Stored items
+ + + + + + +

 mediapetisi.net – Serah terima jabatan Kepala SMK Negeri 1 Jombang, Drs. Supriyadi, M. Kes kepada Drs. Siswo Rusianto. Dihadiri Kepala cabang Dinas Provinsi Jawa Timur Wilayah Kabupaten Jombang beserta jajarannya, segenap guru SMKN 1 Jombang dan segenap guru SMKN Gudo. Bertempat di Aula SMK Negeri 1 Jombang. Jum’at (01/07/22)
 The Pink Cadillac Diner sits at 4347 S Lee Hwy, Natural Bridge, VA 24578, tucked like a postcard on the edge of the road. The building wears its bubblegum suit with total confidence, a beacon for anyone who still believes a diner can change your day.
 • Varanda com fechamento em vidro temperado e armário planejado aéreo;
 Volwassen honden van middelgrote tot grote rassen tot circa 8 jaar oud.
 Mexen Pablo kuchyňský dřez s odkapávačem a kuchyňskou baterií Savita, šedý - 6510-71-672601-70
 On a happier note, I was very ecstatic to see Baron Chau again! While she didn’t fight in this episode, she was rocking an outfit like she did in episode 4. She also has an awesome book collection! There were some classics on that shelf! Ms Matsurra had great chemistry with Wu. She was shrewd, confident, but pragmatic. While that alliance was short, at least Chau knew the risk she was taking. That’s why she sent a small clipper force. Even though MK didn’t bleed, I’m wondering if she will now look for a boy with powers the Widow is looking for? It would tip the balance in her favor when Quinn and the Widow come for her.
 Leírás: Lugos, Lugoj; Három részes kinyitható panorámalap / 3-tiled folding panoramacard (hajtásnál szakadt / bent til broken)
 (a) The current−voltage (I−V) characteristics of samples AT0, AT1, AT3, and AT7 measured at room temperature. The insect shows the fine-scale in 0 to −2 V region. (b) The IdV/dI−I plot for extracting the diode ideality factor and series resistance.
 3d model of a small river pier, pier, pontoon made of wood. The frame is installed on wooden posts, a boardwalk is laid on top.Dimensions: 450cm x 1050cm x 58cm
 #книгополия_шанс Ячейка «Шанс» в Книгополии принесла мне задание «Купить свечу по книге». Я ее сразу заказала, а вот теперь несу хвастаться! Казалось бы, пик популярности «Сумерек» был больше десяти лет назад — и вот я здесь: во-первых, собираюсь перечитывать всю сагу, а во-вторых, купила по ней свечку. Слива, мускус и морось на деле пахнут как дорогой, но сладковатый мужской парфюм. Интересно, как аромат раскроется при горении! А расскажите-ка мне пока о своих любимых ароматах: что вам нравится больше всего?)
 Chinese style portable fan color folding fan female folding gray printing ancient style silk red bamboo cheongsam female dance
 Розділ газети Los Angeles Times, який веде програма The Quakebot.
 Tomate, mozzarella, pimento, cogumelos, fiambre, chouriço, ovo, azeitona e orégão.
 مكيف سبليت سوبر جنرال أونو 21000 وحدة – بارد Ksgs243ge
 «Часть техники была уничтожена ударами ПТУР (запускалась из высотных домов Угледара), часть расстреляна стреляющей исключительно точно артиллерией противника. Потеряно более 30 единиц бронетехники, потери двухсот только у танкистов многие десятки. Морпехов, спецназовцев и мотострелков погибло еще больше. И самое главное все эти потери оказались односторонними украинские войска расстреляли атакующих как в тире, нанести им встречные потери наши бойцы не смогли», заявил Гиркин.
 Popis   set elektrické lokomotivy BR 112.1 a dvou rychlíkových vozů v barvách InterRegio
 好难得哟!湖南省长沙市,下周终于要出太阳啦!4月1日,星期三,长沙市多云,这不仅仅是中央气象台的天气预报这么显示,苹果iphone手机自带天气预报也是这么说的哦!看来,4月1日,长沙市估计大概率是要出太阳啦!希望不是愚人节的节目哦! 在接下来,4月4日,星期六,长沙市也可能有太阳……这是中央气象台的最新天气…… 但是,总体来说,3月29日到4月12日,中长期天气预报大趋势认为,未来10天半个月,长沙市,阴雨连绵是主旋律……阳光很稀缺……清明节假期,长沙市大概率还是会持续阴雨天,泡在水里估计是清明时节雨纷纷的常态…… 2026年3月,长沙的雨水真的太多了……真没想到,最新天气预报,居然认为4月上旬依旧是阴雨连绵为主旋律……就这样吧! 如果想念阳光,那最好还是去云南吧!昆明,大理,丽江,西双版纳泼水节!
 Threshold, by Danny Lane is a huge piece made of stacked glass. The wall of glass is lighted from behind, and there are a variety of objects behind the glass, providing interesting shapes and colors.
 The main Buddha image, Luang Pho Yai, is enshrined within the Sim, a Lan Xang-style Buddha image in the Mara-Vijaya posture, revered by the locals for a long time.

+ + + + + + +

## Required work
Search the entries for the word "small" and gather every line where it appears.

## Solution to this exercise
 On a happier note, I was very ecstatic to see Baron Chau again! While she didn’t fight in this episode, she was rocking an outfit like she did in episode 4. She also has an awesome book collection! There were some classics on that shelf! Ms Matsurra had great chemistry with Wu. She was shrewd, confident, but pragmatic. While that alliance was short, at least Chau knew the risk she was taking. That’s why she sent a small clipper force. Even though MK didn’t bleed, I’m wondering if she will now look for a boy with powers the Widow is looking for? It would tip the balance in her favor when Quinn and the Widow come for her.
 3d model of a small river pier, pier, pontoon made of wood. The frame is installed on wooden posts, a boardwalk is laid on top.Dimensions: 450cm x 1050cm x 58cm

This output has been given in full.